FWIW I looked over the monograph hoping it would shed light on my ignorance before posting this but reading it didn't change the above impression...??

i don't know if this is what you were trying to figure out or not, but here gores:

regarding good PaO2 in the anemic patient, there is not a left or right shift in the OCD. Rather, the shift is better seen as a downward shift on a Oxygen Concentraion vs. PaO2 graph. Regardless of your total blood concentration, if you have normal Hb, the OCD graph should still be the same. What happens in the anemic situation is that at 100% SaO2, there is less TOTAL oxygen in the blood (but the Hb that is around still reacts normall... i.e. arterial is 100 mm Hg and venous is 40 mm Hg)

Here is the graphical representation of what i'm trying to say.

keep in mind that saturation values aren't shown. but if they were, they would be respective each Hb = x. In otherwords, at the upper limit, each Hb scenario is 100% saturated.

 

[tBw]

i don't know if this is what you were trying to figure out or not, but here gores:

regarding good PaO2 in the anemic patient, there is not a left or right shift in the OCD. Rather, the shift is better seen as a downward shift on a Oxygen Concentraion vs. PaO2 graph. Regardless of your total blood concentration, if you have normal Hb, the OCD graph should still be the same. What happens in the anemic situation is that at 100% SaO2, there is less TOTAL oxygen in the blood (but the Hb that is around still reacts normall... i.e. arterial is 100 mm Hg and venous is 40 mm Hg)

Here is the graphical representation of what i'm trying to say.

keep in mind that saturation values aren't shown. but if they were, they would be respective each Hb = x. In otherwords, at the upper limit, each Hb scenario is 100% saturated.

OCD? Obsessive Compulsive Disorder?? What are you saying about me?

Thanks, but no, I understand your statements above that reducing Hemoglobin will reduce oxygen content - that was the point - that the PaO2 would be reduced, even though SaO2 may still be 100%.

Mea Culpa if my original statements weren't clear

 

[southerndoc]

Roja,

Go here: http://www.nellcor.com/educ/List.aspx?S1=MON

and download the monograph on oximetry. It will give you everything that you need to know. Hint: docB isn't quite right. Anemia doesn't throw off the correlation but a patient with a Hgb of 6 and a sat of 100% has a crappy oxygen delivery despite good sats, good PaO2, and good circulation.

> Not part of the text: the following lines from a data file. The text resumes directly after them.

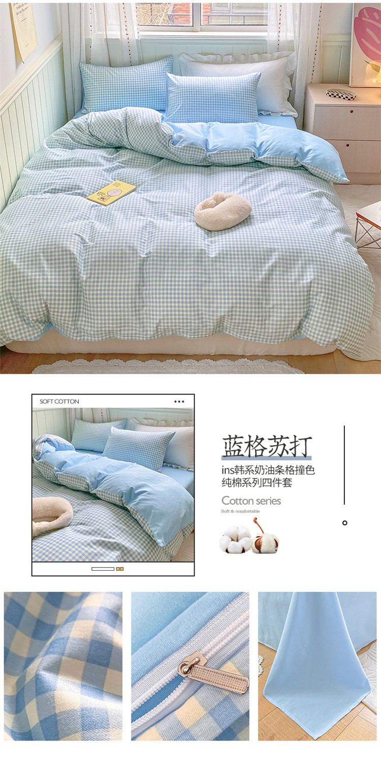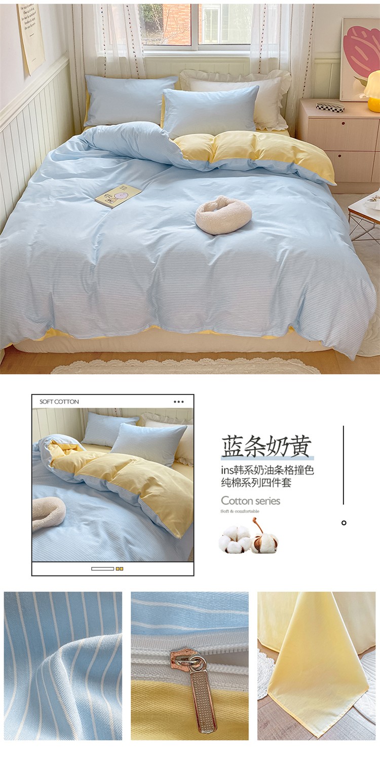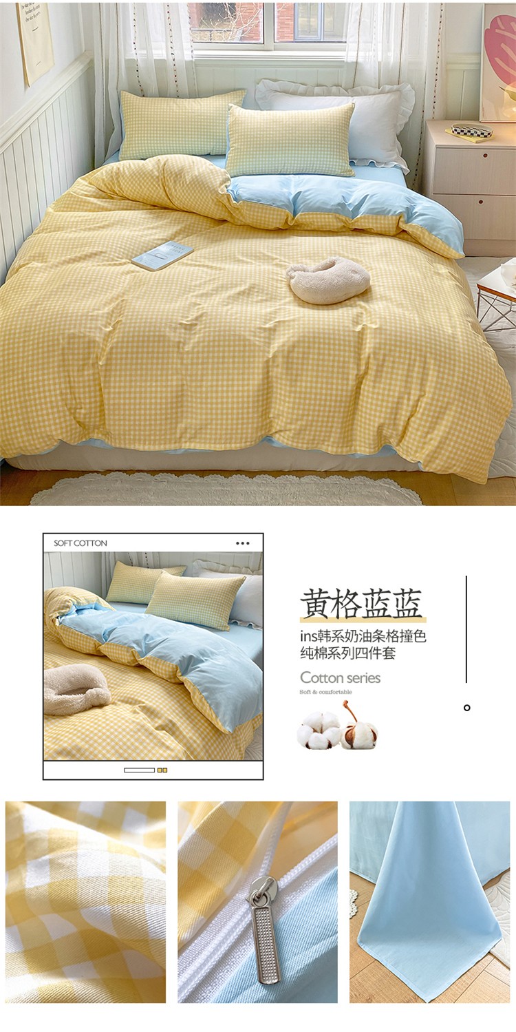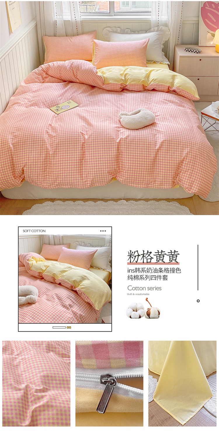(总)桃子家居 2022韩系ins奶油条格撞色纯棉四件套
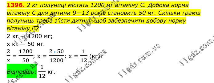 2 кг полуниці містять 1200 мг вітаміну С. Добова норма вітаміну C для дитини 9—13 років становить 50 мг. Скільки грамів полуниць треба з’їсти дитині, щоб забезпечити добову норму вітаміну С? 2 кг — 1200 мг; х кг — 50 мг. 2/х = 1200/50; х = (2 • 50)/1200; х = 1/12 (кг). Відповідь: 1/12 кг.
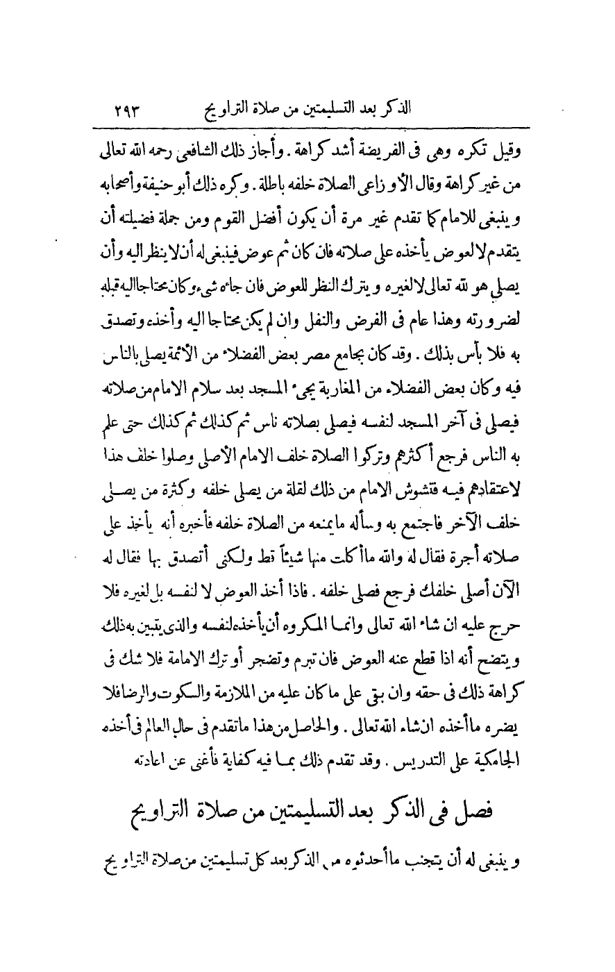 [فَصْلٌ فِي الذِّكْرِ بَعْدَ التَّسْلِيمَتَيْنِ مِنْ صَلَاةِ التَّرَاوِيحِ]
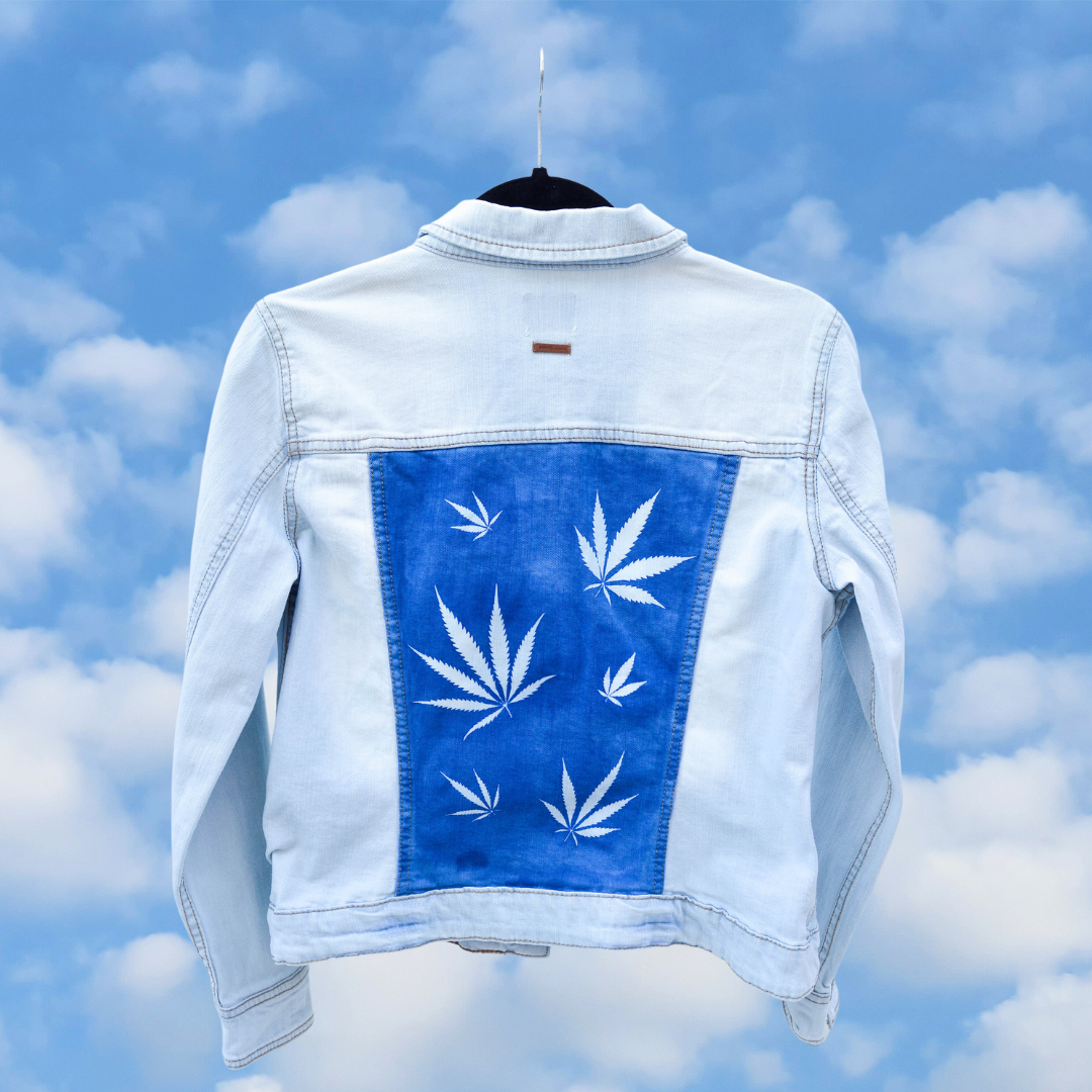 Introducing my one-of-a-kind upcycled denim jacket, designed and dyed with unique real cannabis leaves to showcase your love for the plant. This jacket is sustainably made using repurposed MNG Jean brand denim, ensuring that you're not only looking great but also doing your part for the environment.
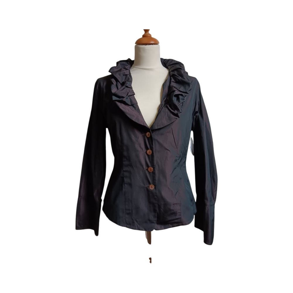 Metallinhohtoinen, juhlava jakkumainen paitapusero.
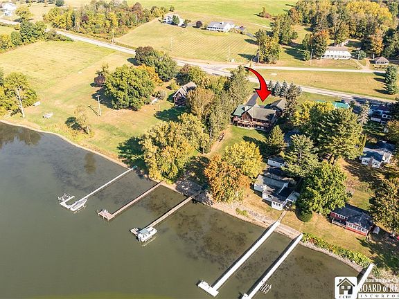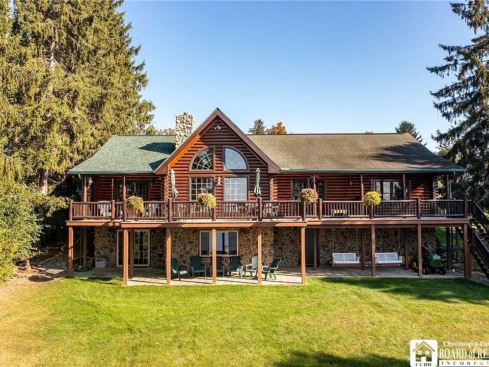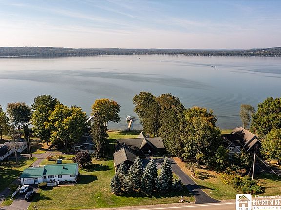 Nestled on the serene shores of Chautauqua Lake in Bemus Point, NY, this meticulously crafted log home is a true gem with superior craftsmanship and timeless design. It features 3 spacious bedrooms and 3 full bathrooms, all offering breathtaking panoramic views. Entering the foyer, you'll be captivated by the 20-foot cathedral ceiling in the great room with floor-to-ceiling windows that allow natural light to flood the space. The master suite, split floor plan privacy, includes a full bathroom and an impeccable view through sliding doors that lead to a 60-foot deck. This deck extends across the rear of the home, offering a perfect spot to relax and enjoy the scenic view of the lake. The large eat-in kitchen is equipped with brand new LG appliances and features a large island with a prep sink. Sliding doors provide access to the deck, making it ideal for entertaining. The dining room is perfect for all gatherings. Down the hall, you'll find two large bedrooms and a full guest bathroom. The home has a large first floor laundry room equipped with Maytag appliances, set tub, and plenty of storage space. The property includes a 36x24 3-bay garage with door openers, providing ample space for vehicles and storage. The area of this partially finished basement [approx. 900+ sq. ft.] is a haven for entertainment, featuring a built-in bar for countless celebrations and full bathroom. A cozy family room with a gas stove allows you to also enjoy the winter months while watching the snow fall over the glassy lake. Additionally, there's a room that can be adapted for a bedroom, den, etc. The Basement also offers a separate workshop with cabinets and work bench, plenty of storage space and large walkout man door. This property boasts 93 feet of lake frontage, complete with a custom 4-foot-wide dock. Enjoy evenings by the brick fire pit on the lake, where you can take in the full view of the Fourth of July fireworks display. Don’t miss your chance to own this exceptional property on Chautauqua Lake, where every day feels like a vacation.

Other things like acidosis and extremes of body temp do throw off the correlation.

Nice link, thanks!

 

[ERMudPhud]

Be careful here. PaO2 is not a measure of total blood oxygen content. It is really a measure of the partial pressure of dissolved oxygen in the plasma. You could take the patients ABG, spin out all the red cells, assuming you have not in the process altered the serum pH or allowed the sample to equilabrate with room air, you could then measure the PaO2 in what is now a sample with a hgb of essentially 0 and still get the same Pa02. Pa02 is a measure of O2 concentration (partial pressure) in the aqueous phase of the blood sample not a measure of total blood O2 content. Total blood O2 content is indeed dependent on Hgb concentration and Hgb saturation but that is not what Pa02 measures. Assuming equal acid base status, equal pC02 and equal 2,3DPG the anemic and non-anemic patient will have equal ODC's and thus equally good Sa02 and PaO2 readings but drastically different blood O2 contents. That is why in septic patients and other shock states we transfuse for low crits even if the Sa02 and Pa02 are good because we want to improve oxygen delivery. If you don't believe me go to your lab and ask for printouts of the last few hundred ABG's they've run. Look for two samples with similar pC02, pH, and Sa02 but drastically different Hgb. You will find that the Pa02 in your two samples will be quite similar.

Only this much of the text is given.